Unter der sichtbaren Farbschicht, so Cotte, komme das Bild einer anderen sitzenden Person zum Vorschein, die zur Seite schaut. Auf Nachfrage der britischen "BBC" verweigert der Louvre jeglichen Kommentar. Begründung: Dies sei kein "Teil der Forschungsaufgabe". Ist Cottes These also realistisch?
Kölner Expertin braucht sichtbare Beweise
"Es war nicht unüblich, dass Künstler Änderungen an Gemälden vornahmen", weiß Iris Schaefer, Leiterin der Abteilung Restaurierung und Kunsttechnologie am Kölner Wallraf Richartz-Museum. Der häufigste Grund: Der Mangel an Material. Aber auch, wenn Auftraggeber von Porträts ihre Meinung änderten, habe der Maler erneut zum Pinsel greifen müssen. Das habe es in allen Epochen der Kunstgeschichte gegeben.
Aus Schaefers Sicht wäre es also möglich, dass sich ein weiteres Gemälde unter der Mona Lisa befindet. An der These des französischen Kollegen hegt sie "keine grundsätzlichen Zweifel", doch vermisst sie sichtbare Belege: "Bevor ich Cotte glauben kann, muss ich Ergebnisbilder sehen!" Ihre Empfehlung: "Wir brauchen eine genauere Untersuchung." Bis dahin bleibe Cottes Behauptung "mutig".
Das Lächeln der Kölschen Mona Lisa
Sollte Cottes These zutreffen, wäre das eine Sensation. "Das würde dann allerdings viele Fragen aufwerfen", meint Schaefer. Stammt das Bild darunter auch von Leonardo da Vinci? Oder von einem anderen Maler? Wer ist die Dargestellte? Die Wissenschaft hätte gut zu tun, um Antworten zu finden.
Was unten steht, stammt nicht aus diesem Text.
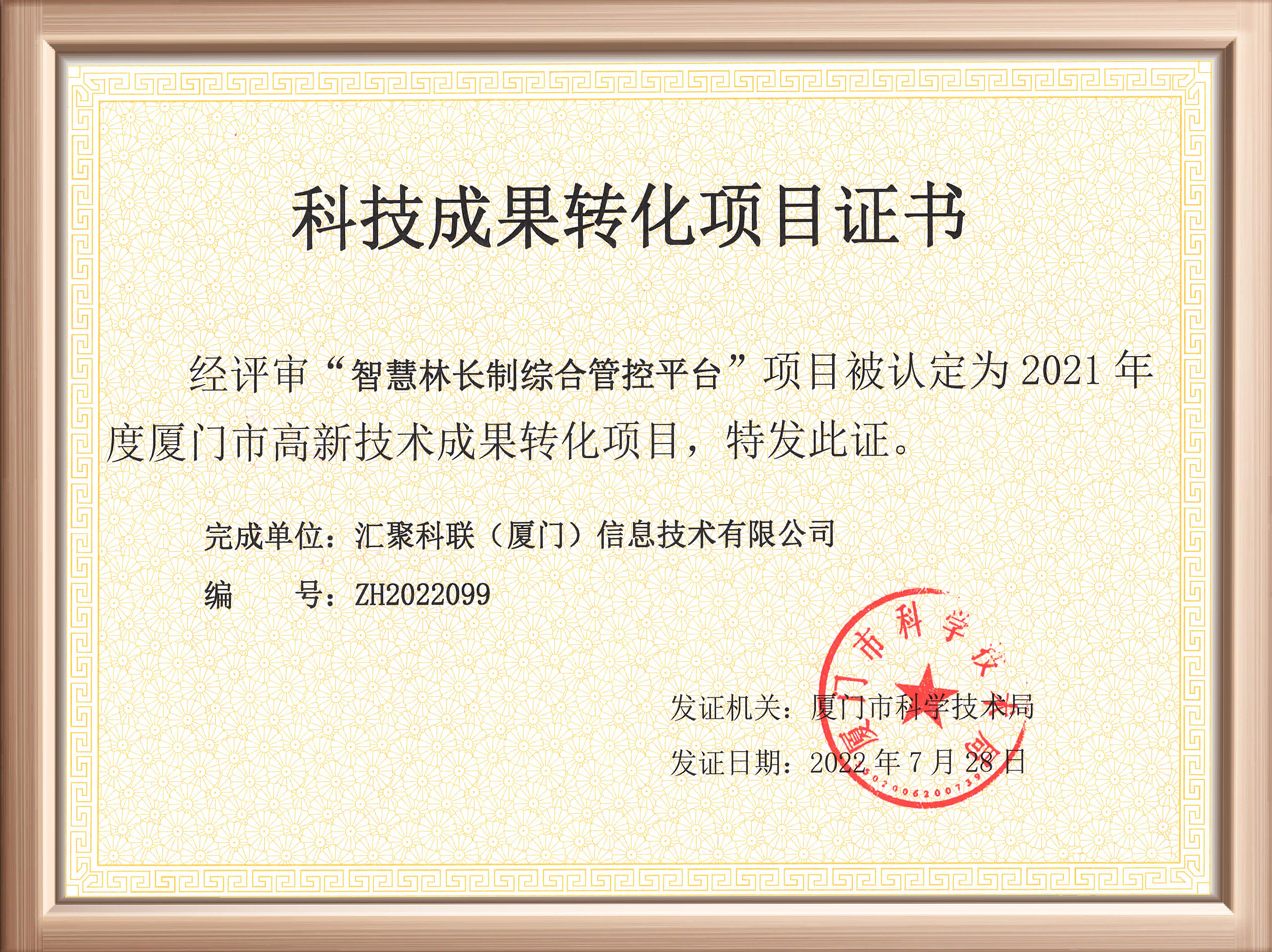 匯聚科聯(廈門)信息技術有限公司創立于2016年,總部位于廈門市火炬高新技術產業園,公司是國家級高新技術企業、福建省“瞪羚”企業、廈門市高新技術企業、廈門市重點軟件企業、中國林學會計算機應用分會理事單位、中國水利企業協會會員單位。

Auch das Kölner Wallraff-Richartz-Museum hat Erfahrungen mit der Analyse alter Gemälde. So ließ es zuletzt das Bild #link:http://www.wallraf.museum/sammlungen/mittelalter/meisterwerke/stefan-lochner-die-muttergottes-in-der-rosenlaube/dokumentation/:"Die Mutter Gottes in der Rosenlaube" des Kölner Altmeisters Stefan Lochner# untersuchen. Mit Hilfe von Stereomikroskopie, Infrarot und Röntgenstrahlen rekonstruierten die Forscher die einzelnen Schritte der Entstehung des spätmittelalterlichen Meisterwerkes. Wegen seiner Popularität gilt das Ölgemälde übrigens als "die Kölsche Mona Lisa". Ihr Lächeln freilich – anders als bei der Pariser Berühmtheit - verbirgt sich hinter einer anmutigen Ernstheit.